• **Input data**:

....................

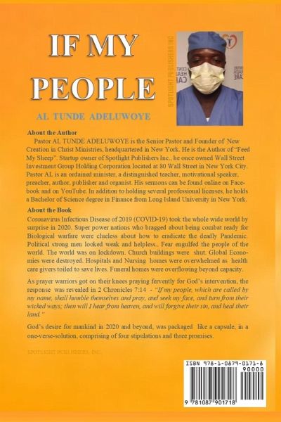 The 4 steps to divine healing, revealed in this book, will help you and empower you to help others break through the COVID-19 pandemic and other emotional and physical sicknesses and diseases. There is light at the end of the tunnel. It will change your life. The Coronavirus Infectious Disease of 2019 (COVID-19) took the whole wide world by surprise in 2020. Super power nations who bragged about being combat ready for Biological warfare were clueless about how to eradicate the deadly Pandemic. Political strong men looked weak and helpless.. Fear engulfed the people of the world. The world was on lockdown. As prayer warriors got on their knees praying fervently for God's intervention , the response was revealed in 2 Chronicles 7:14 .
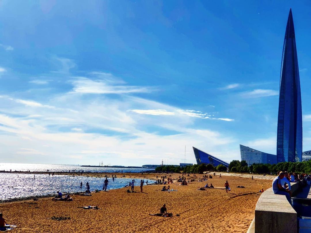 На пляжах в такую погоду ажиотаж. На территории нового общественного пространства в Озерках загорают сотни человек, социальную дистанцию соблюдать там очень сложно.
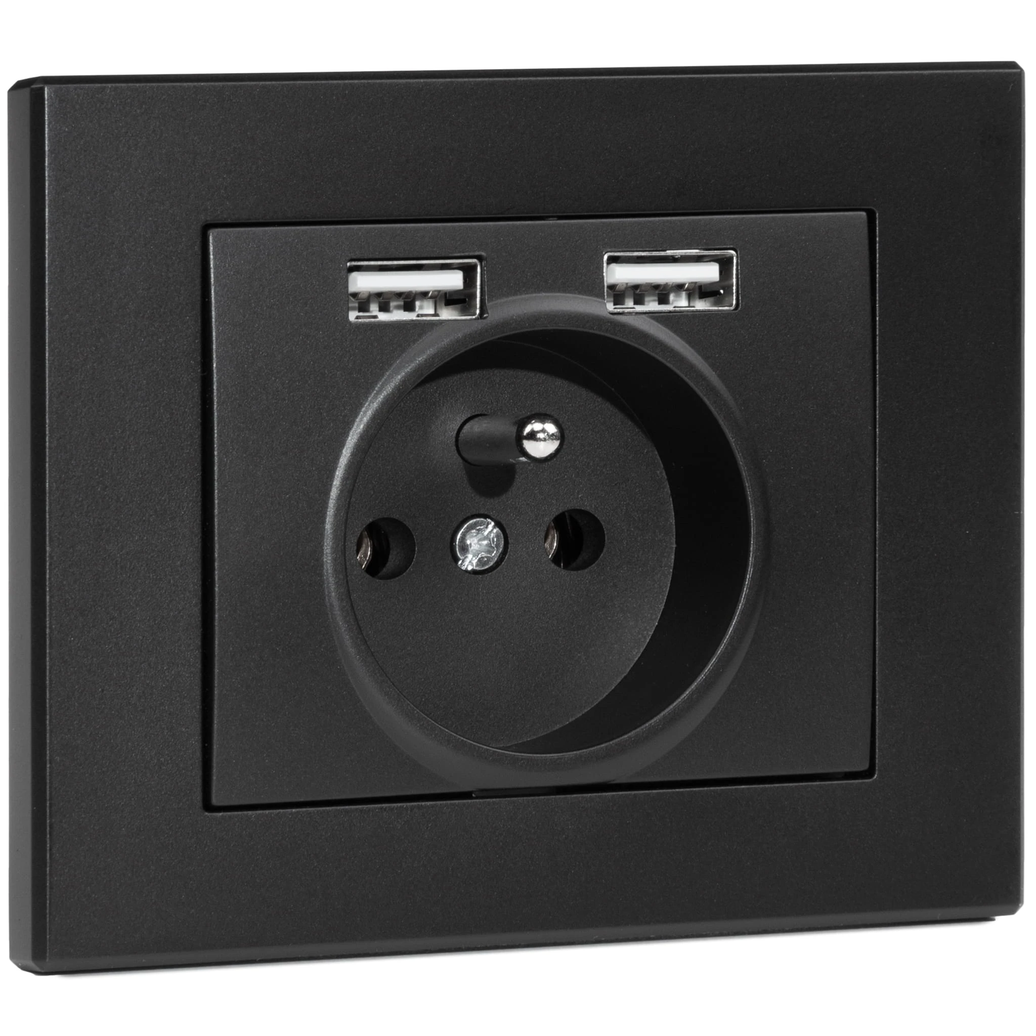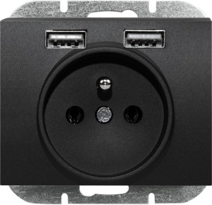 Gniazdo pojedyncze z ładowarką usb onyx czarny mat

....................

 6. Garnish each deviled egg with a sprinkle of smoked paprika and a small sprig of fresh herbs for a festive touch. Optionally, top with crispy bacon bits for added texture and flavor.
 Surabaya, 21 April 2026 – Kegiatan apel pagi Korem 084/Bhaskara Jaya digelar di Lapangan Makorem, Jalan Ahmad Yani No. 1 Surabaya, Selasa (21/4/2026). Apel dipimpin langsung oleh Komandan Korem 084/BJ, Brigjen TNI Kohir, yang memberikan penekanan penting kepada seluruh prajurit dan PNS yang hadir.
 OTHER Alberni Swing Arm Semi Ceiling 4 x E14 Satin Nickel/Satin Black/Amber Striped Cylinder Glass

....................

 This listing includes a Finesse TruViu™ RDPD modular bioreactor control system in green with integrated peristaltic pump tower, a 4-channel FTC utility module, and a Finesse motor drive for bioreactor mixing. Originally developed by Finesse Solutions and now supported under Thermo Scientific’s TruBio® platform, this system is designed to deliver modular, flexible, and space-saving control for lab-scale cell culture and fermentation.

....................

• **Work task**: Looking at the records above, say how many lines hold the string "with". Write nothing but the number.

• **Expected answer**: 2